First: Python 3.6 is a pain because it's so new, most distributions haven't even included 3.anything but at least getting 3.5.x up and running is fairly easy on most distributions as far as I know, but 3.6.? Compiling from source and wrestling with getting added bits and bobs and whatnot actually working? Who hasn't wasted far too many hours on stuff like that?

You're not helping yourself. This is the prefect mirror image of PyGame not supporting whatever Python people already have. In PyGame it's because PyGame is old (and broken) and in Arcade it's because the Python is too new. Same difference. Okay if you run in dedicated environments etc. but not for normal people at home wanting to take a peek and get right into it at minimal cost.

Second issue: pip, is it still a completely open and non-reviewed security issue as per the year-old report from that Czech intelligence agency? Should anyone be using pip at all?

Python lost the plot with pip. It's not your fault

Sorry for such negative issues in what is nothing but a drive-by comment using a mail address that is never being read (because Google is evil) but someone should point these things out and people usually don't, so for once I nudged my temporary JavaScript settings for opensource.com and commented.

Despite all that your actual library looks interesting, too bad I'm tired of hoops.

You are right that 3.6 is a pain to get up and running with some Linux distributions. With Windows, MacOS, and Ubuntu it will be default version for people doing a recent install. Not so much with Linux Mint or some other ones. I'll think about your comment seriously. I quite like the new print formatting, but it isn't used a lot in the code.

If you don't like pip, install Arcade using setup.py. I'm not quite sure what you are looking for here.

In reply to by A few bits sho… (not verified)

This looks amazing. I can't wait to try it.

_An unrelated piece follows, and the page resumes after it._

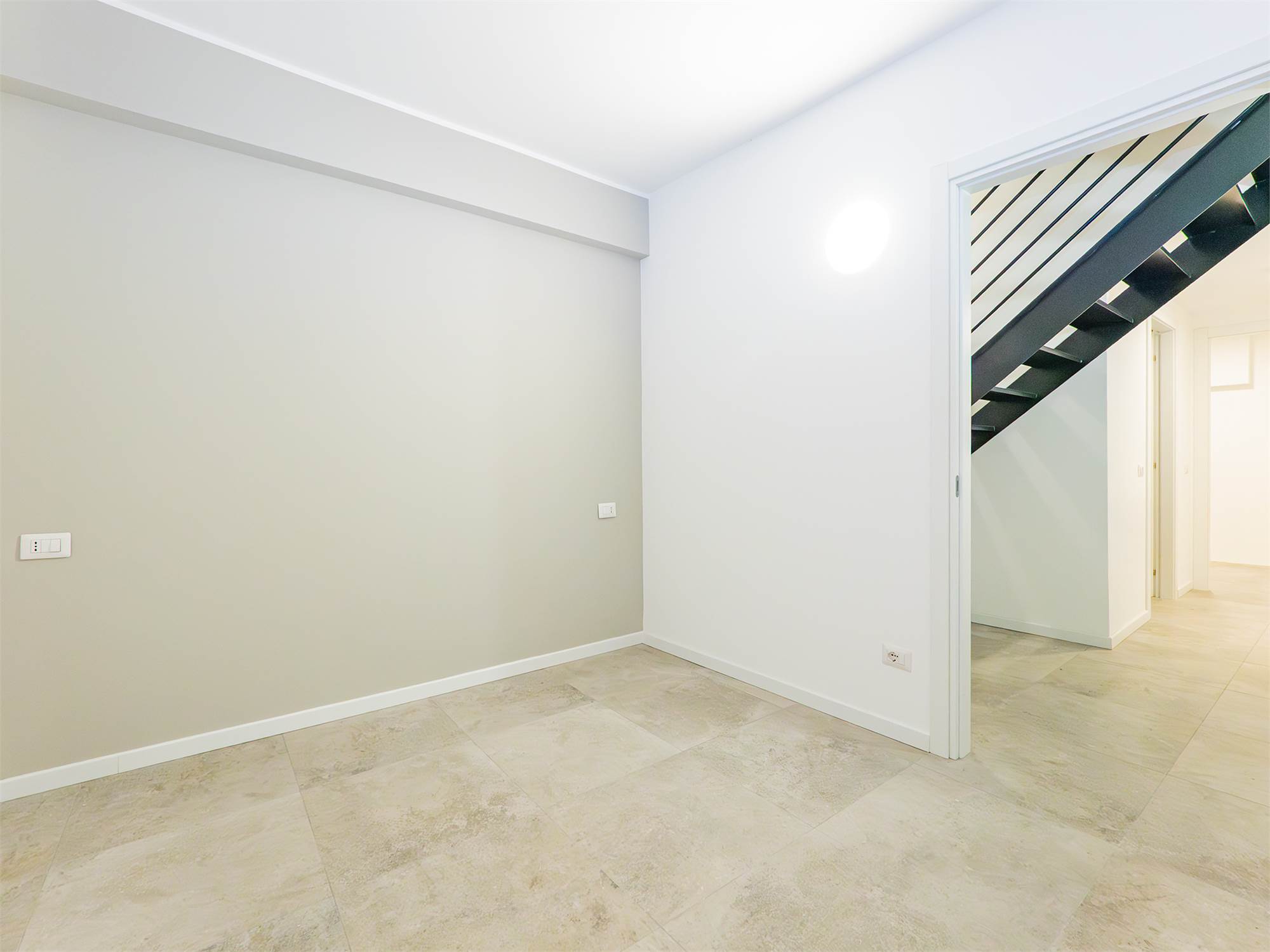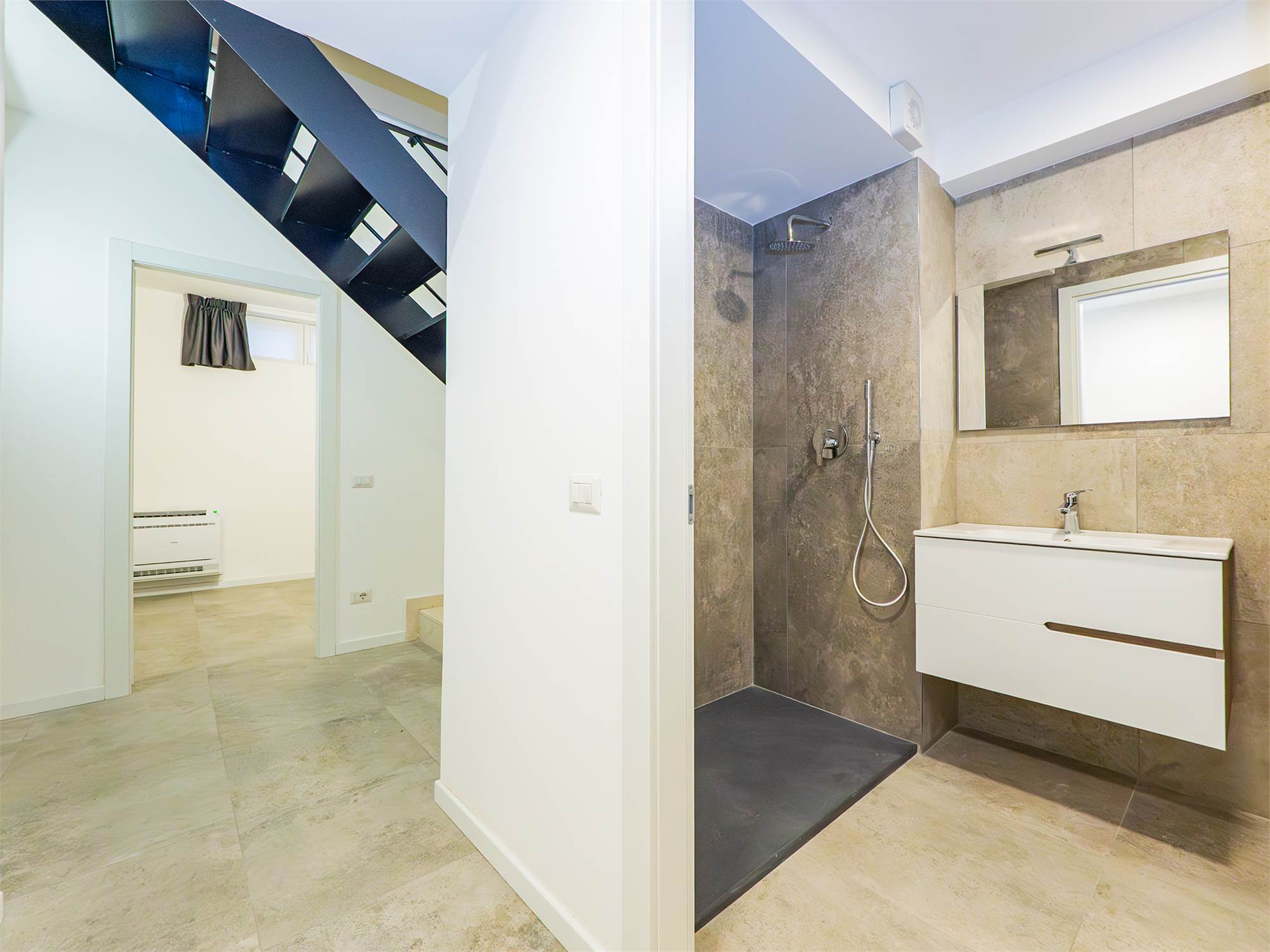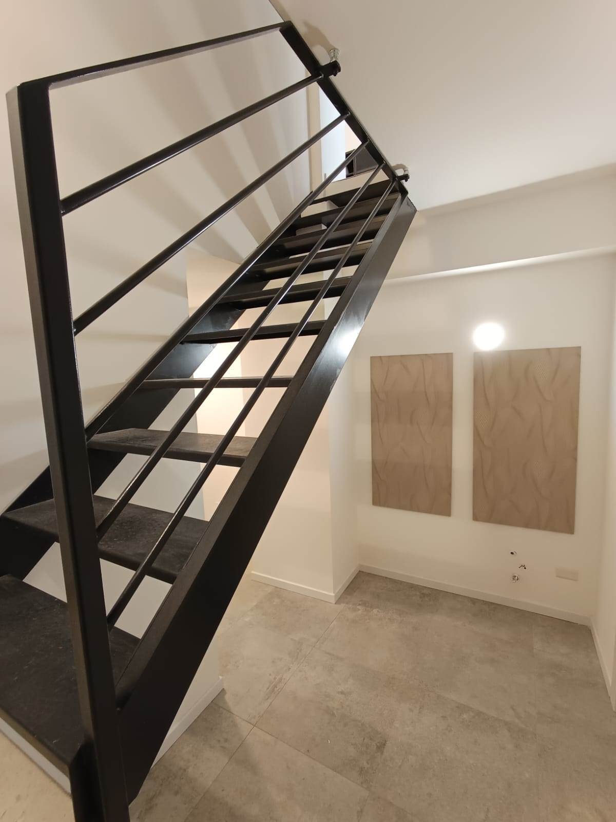 L’ingresso accompagna nella ampia e luminosa zona living con cucina a vista, bagno con doccia walk-in e camera da letto matrimoniale; la scala in ferro e muratura conduce al piano inferiore che si compone di un locale studio versatile con finestra in facciata, un secondo bagno completo con doccia e di una comoda zona funzionale adibita a lavanderia/stireria.

I just installed it on Linux and will try it out very soon. It looks great. I like PyGame, but it *is* showing its age, so this is a hugely welcome development.

Wow, Paul, this library looks really promising. Last year I ran a Python class with 10-13 year olds and PyGame. Though it went well, I was occasionally frustrated by the limitations of the PyGame library and the confusing state of the docs. Can't wait to try out Arcade!